On connaît la chanson - Amnesty International se met au russe

Publié le par G.

One Slap aime à se nourrir de claques venues de tous les horizons: à notre ami slappeur qui a posé ses valises en Russie de nous faire aujourd'hui le plaisir de sa plume. Comment on dit "enjoy", en russe?

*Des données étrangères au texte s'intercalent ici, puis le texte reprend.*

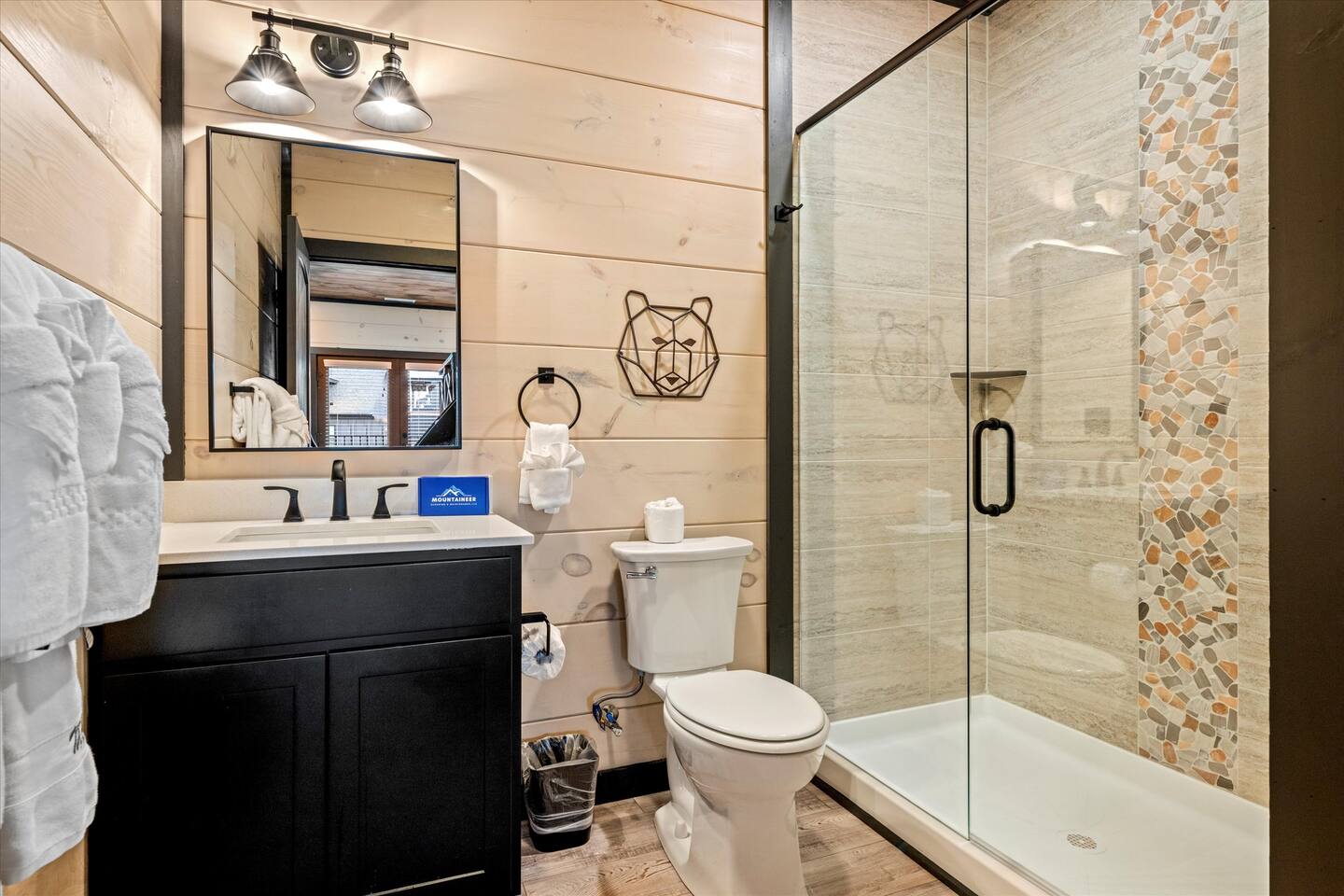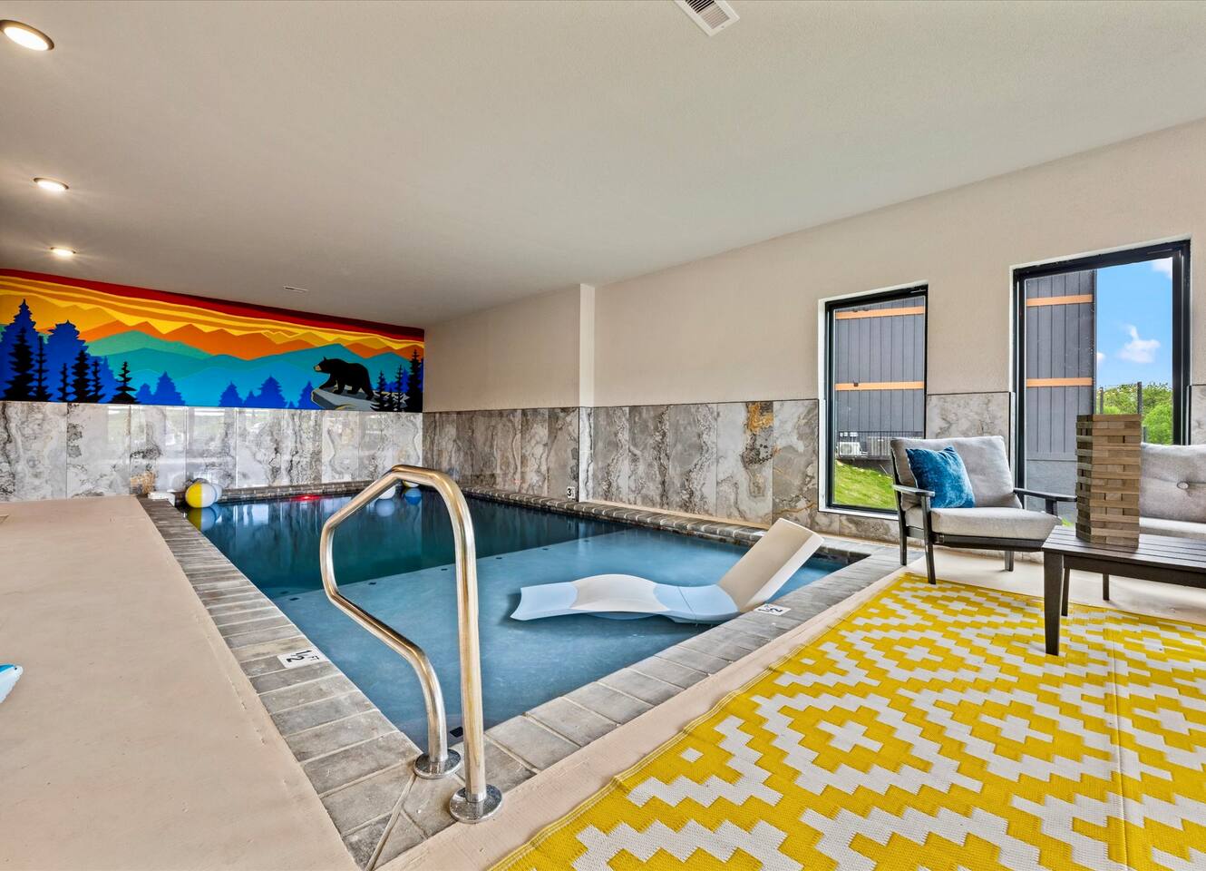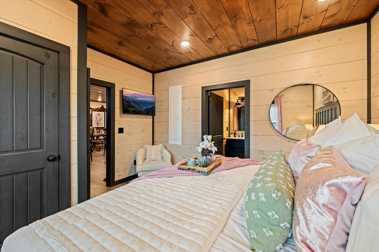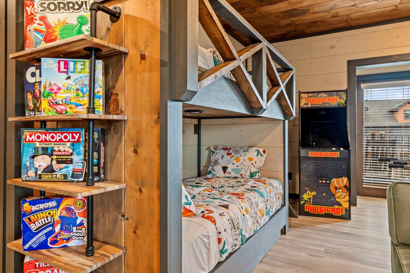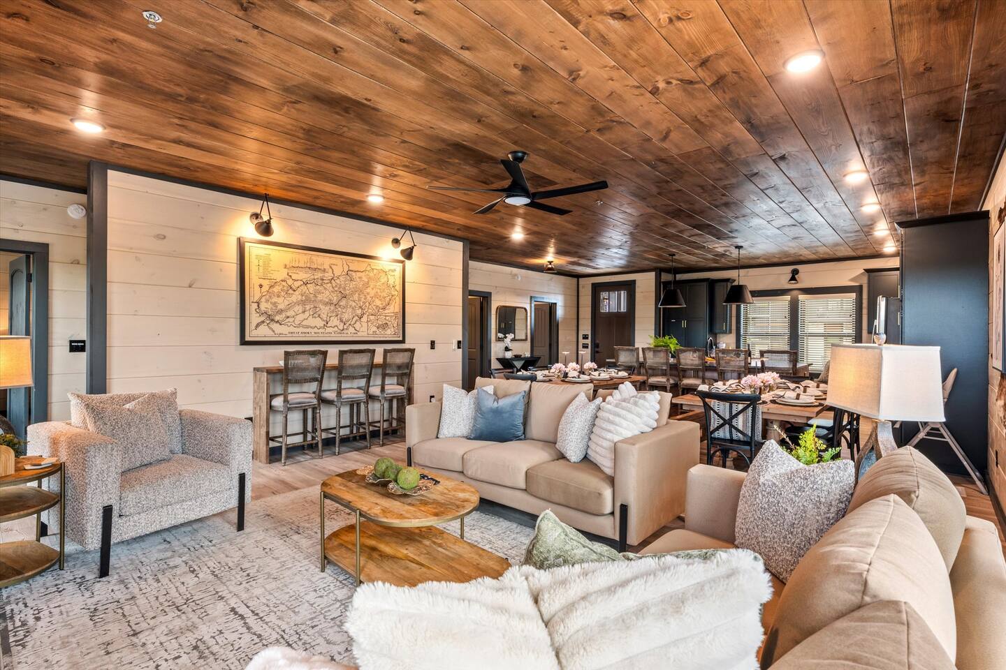Skip the Pigeon Forge traffic—we are only 1 mile from the Parkway! Paved, flat roads (no scary mountain driving) leading to a private resort paradise. 🌟Why Guests LOVE Kettle Knot Retreat🌟 ✅ No steep roads – smooth, flat, paved access ✅ FREE resort waterpark access (lazy river, infinity pool, mini golf & more) ✅ 6 Meticulously Designed Spacious Ensuite Bedrooms (Smart TVs in every room), Bunk room - sleeps 22 comfortably ✅ Private Indoor Pool & Hot Tub (heated to 82 degrees year-round) ✅ Ultimate Game Room – arcades, poker, karaoke, Foosball, dedicated movie theater, a kids' play zone with Teepee, ensuring entertainment for all ages without leaving the property. ✅ Toddler-friendly amenities – bassinet, high chair, baby gates, safe layout ✅ Movie Theater – 85” screen + Sonos surround sound ✅ Fully Stocked Kitchen – Instapot, air fryer, blender, dual coffee maker ✅ Tastefully designed outdoor patio spaces with Smoky Mountain Views + grills (gas & charcoal) ✅ 1 Mile to The Parkway – Minutes from Dollywood, The Island, and Pigeon Forge attractions 🛏️ Bedroom Layout & Sleeping Arrangements (Sleeps 22): Each bedroom is spacious, ensuite, and equipped with a Smart TV. ✔ Bedroom 1 – King Bed, TV, Ensuite Bathroom ✔ Bedroom 2 – King Bed, Futon, TV, Ensuite Bathroom ✔ Bedroom 3 – King Bed, TV, Ensuite Bathroom ✔ Bedroom 4 – Queen-over-King Bunk, TV, Ensuite Bathroom, Arcade Games ✔ Bedroom 5 – Queen Bed, TV, Ensuite Bathroom ✔ Bedroom 6 – King Bed, TV, Ensuite Bathroom ✔ Game Room – 2 Twin Bunk Sets w/ Private TVs, Pull-Out Sofa, Large TV, Bathroom with bath tub. ✔ Smart TVs in Every Room – Ready to log into your Netflix & chill ready 🍳 Fully Equipped Kitchen • Granite countertops, stainless steel appliances • Instapot, air fryer, blender, baking pans • Dual coffee maker (K-Cup & drip) + ice machine • Dining for 17 at the table + extra seating at island & bar 🏞 Outdoor Living ✅ Mountain-view patios with seating & grills (Gas grill (propane included), charcoal grill (BOY charcoal) ✅ Hot tub - Soak under the stars or watch the sunrise ✅ Outdoor dining and lounge area across multiple patios. 💦 Private Indoor Pool & Outdoor Hot Tub: ✅ Indoor Pool – 20' x 12', heated to 82°F year-round (3.5 ft deep) ✅ 10 Pool towels provided in addition to the bath towels 🧳 Resort Amenities at Smith Creek Reserve: [Nov-Feb]All water features will be closed, while others will remain open depending on weather conditions. Waterpark fully operational from March 1st onwards. ✅ Lazy River & Infinity Pool ✅ Outdoor Movie Theater & Cabanas ✅ Mini Golf, Pickle ball, Life-Size Games ✅ Large Hot Tubs, Fire Pits, Snack Bar (to purchase) 🎯 Location Highlights: • 1 Mile to The Parkway (No steep roads!) • 3 Miles to The Island in Pigeon Forge • 6 Miles to Dollywood • 12 Miles to Gatlinburg & Great Smoky Mountains National Park 🎮 In-Cabin Entertainment: ✅ 3 Multi-cade arcade machines ✅ Foosball, poker table ✅ Movie theater with 85" TV & Sonos surround sound ✅ Loft game room, board games, Smart TVs, and more 👶 Kid & Baby Friendly: ✅ Bassinet, high chair, baby gates on 2nd & 3rd floors ✅ Kid-friendly bunk area with dedicated bath ✅ Huge safe indoor areas for play 📍 Enjoy brand new resort amenities at a discounted rate while our neighboring community finishes its final touches. The cabin is highly insulated for a peaceful stay!

La raison d’être d’Amnesty, je ne vous apprends rien, est de faire du bruit sur des sujets dont les mass media et les grands de ce monde ne parlent pas, ou pas assez. Et chez Amnesty France, en 2010, on profite que ce soit l’année de la Russie pour faire beaucoup de bruit sur la liberté d’expression et la situation des droits humains dans le plus grand pays du monde (presque deux fois le Canada, eh oui !), en particulier sur certaines pratiques toujours en vigueur en Russie, telles que la censure, la torture, le racisme, les assassinats d’opposants, d’activistes et de journalistes. Sauf qu’en l’occurrence, les droits de l’homme en Russie, les journaux français en parlent déjà pas mal – à l’exception peut-être de France Soir? Mais qu’importe. Il est des sujets dont on ne parle jamais trop. Et ça, Amnesty l’a aussi compris. Après une première vidéo qui détournait en mars dernier la chute de Mylène Farmer lors de sa rencontre avec le Président Medvedev, l’ONG y va donc une fois de plus sans détour.



La date de lancement du nouveau volet de la campagne "Russie et droits humains" n’a pas été choisie par hasard. La vidéo a fait son apparition sur la toile la semaine où débarquait au pays des droits de l’homme Vladimir Poutine, dont la visite a commencé virtuellement mercredi soir dernier par une interview diffusée à la télévision française. Au cours de l’émission, le chef de l’exécutif russe a réussi –tenez-vous bien, alors qu’il était justement interrogé sur la question des droits humains en Russie, à répondre sur la situation des droits humains… en France! Les téléspectateurs se seront d’ailleurs certainement demandé pourquoi le journaliste qui l’interrogeait est resté si complaisant à ce moment de l’entretien, fronçant à peine le sourcil et enchaînant rapidement sur le sujet suivant. Nul ne sait, cependant, dans quel contexte précis a eu lieu l’interview –si ce n’est qu’elle n’était pas retransmise en direct puisque la rencontre avait eu lieu deux jours auparavant à Sotchi, sorte d’Orange County version russe, ni quelles ont été les conditions imposées à la chaîne, notamment en termes de sujets à ne pas (trop) aborder, pour lui permettre d’obtenir l’exclusivité. Au final, le spectateur aura donc seulement assisté à un grand moment de rhétorique poutinienne : c’est celui qui l’dit qui l’est. Le Premier ministre maîtrise, en effet, mieux que personne l’art de toujours renvoyer la balle dans le camp de ses contradicteurs. 

Des matrioshki, poupées russes, à la korobushka, chanson russe traditionnelle, aucun cliché  n’échappe au spot réalisé pour l’organisation de défense des droits humains par l’agence La Chose, et je serais même tenté de répondre à Amnesty qu’on connaît la chanson, tout comme on connaît déjà par cœur le couplet sur la violation des libertés et des droits de l’homme en Russie. Et pourtant, il n’est pas superflu de continuer à le chanter, ce couplet, en gardant l’espoir d’être toujours plus nombreux à l’entonner jusqu’à ce qu’il finisse par être entendu.